The Big Mac Index is a non-official quasi-economic indicator published by the Economist that calculates the purchasing power parity (PPP) between two currencies. It is determined by comparing the costs of Big Mac hamburgers that McDonald’s sells in various nations.

According to the Big Mac Index, after accounting for exchange rates, a Big Mac should be around the same price everywhere (this is of course a flaw but we’ll consider it true for simplicity reasons). If a Big Mac costs more in one nation than it does in another, then the value of that country’s currency in relation to the other currency is overvalued.

The Big Mac Index, which was initially presented in The Economist magazine in 1986, has since gained popularity as a straightforward and approachable way to convey the notion of PPP and exchange rate changes. It should be understood, nevertheless, that the index is not an exact representation of PPP and has flaws, such as the fact that it does not take into account regional variables that might affect the cost of a Big Mac.

But what is PPP? The Purchasing Power Parity (PPP) method is an approach for forecasting exchange rates between two currencies. It is based on the idea that over time, the exchange rate between two currencies will adjust such that the purchasing power of each currency is equal in both countries thus making it part of fundamental analysis.

To use the PPP method for forecasting exchange rates, you need to gather data on the prices of a basket of goods and services in both countries (in our case, the Big Mac Index is used as a representative of the basket of goods).

The PPP rate can then be used to forecast future exchange rates by assuming that the PPP rate will continue to hold in the future.

So, to sum up, the PPP is the exchange rate that would make the price of a basket of goods (in this case, a Big Mac hamburger) equal in two different countries.

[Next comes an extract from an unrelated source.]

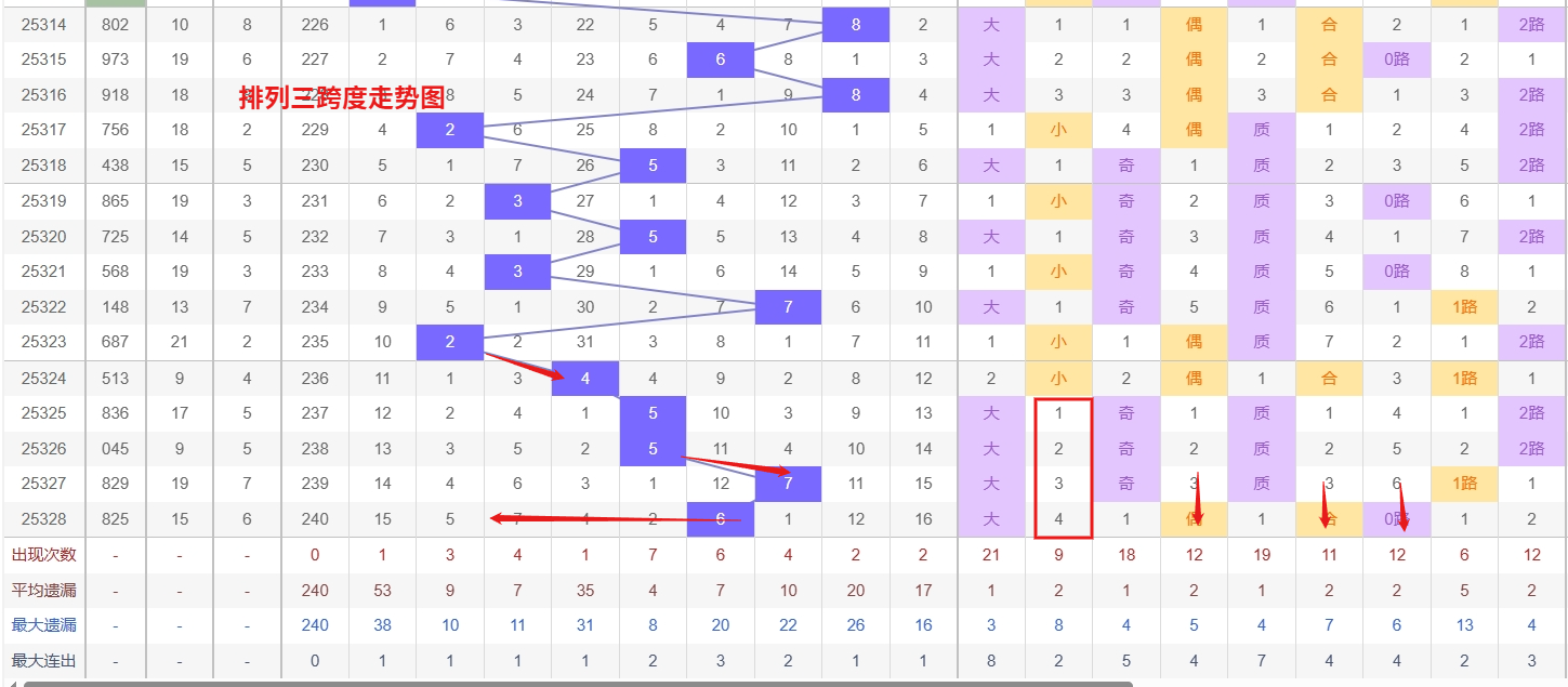 排列三 跨度分析:从上图可以看出近100期的跨度大小比约为54比46,跨度奇偶比约为49比51总体来看还是比较均衡的,但跨度大小之间有点差异。我们再从历史开出6跨后下一期3跨度数据来做参考。最近10期跨度大小比约为5:5期开出小数跨度过多返回大数跨度的概率更高一点。历史开奖近2期出6跨以后的走势为252期开出6跨后下一期走3跨走出3振幅,第274期开出6跨后下一期走1跨走出5振幅第285期开出6跨后下一期开出9跨走出3个振幅。连续多期大振幅,排列三跨度近期走势来看,3跨作为当前热号表现非常强势,呈现出明确的活跃态势,且历史上跨度走热后常有延续现象,因此需重点防范3跨连下或持续走热的可能。与此同时,1跨在组三形态中已连续多期未见踪迹,处于明显的遗漏状态,而组三本身在间隔较长后回补的概率会逐步积累,考虑到1跨在组三形态中具有一定的出号特征,其与组三组合回补的可能性不容忽视。综合来看,跨度走势在热号持续发力的同时,也需警惕冷态组合的突然回归,在跟进3跨热势的同时,对1跨伴随组三出现的可能性做好防守准备,本期预计跨度遵从历史会走出大振幅,出6跨度后容易走出2到5个跨度振幅的对称形态,跨度走出2到5个振幅看好的跨度有1349跨,所以第2025329期排列三跨度推荐1349跨。本文由一起彩钱是生命动力所著,请勿转载

### Visualizing the Big Mac Index

Historical data of the Big Mac Index can be found on The Economist website. The Big Mac Index has been published annually by The Economist since 1986, and the website provides a historical database of the index values dating back to 1986. I have gathered data on the prices of the USA’s and Australia’s big macs for comparison. The historical data is provided in a downloadable Excel or CSV file on the Economist’s GitHub (easy to find online). Let’s see how to use the Big Mac Index to have an understanding of currency valuations:

**We’ll divide the price of the price of big mac in one currency by the other which will give us the PPP.****We’ll compare the PPP to the current exchange rate to determine the over or undervaluation.**

Here’s an example, the price of a big mac in Australia is around 7.25 AUD while the same burger costs 5.36 USD. The PPP is therefore 0.7390. With a current exchange rate of 0.6785, the AUD seems to be undervalued by around 9% and therefore, the most basic fundamental analysis regardless of other factors states that AUDUSD is bullish with a potential target of 9%.

This is of course far from the truth as one model cannot perfectly forecast currency exchange pairs as a lot more variables must enter the equation. Let’s see how the PPP based on the Big Mac Index was.

In case you want to recreate the above graph, you can download the excel file from my Github **here**.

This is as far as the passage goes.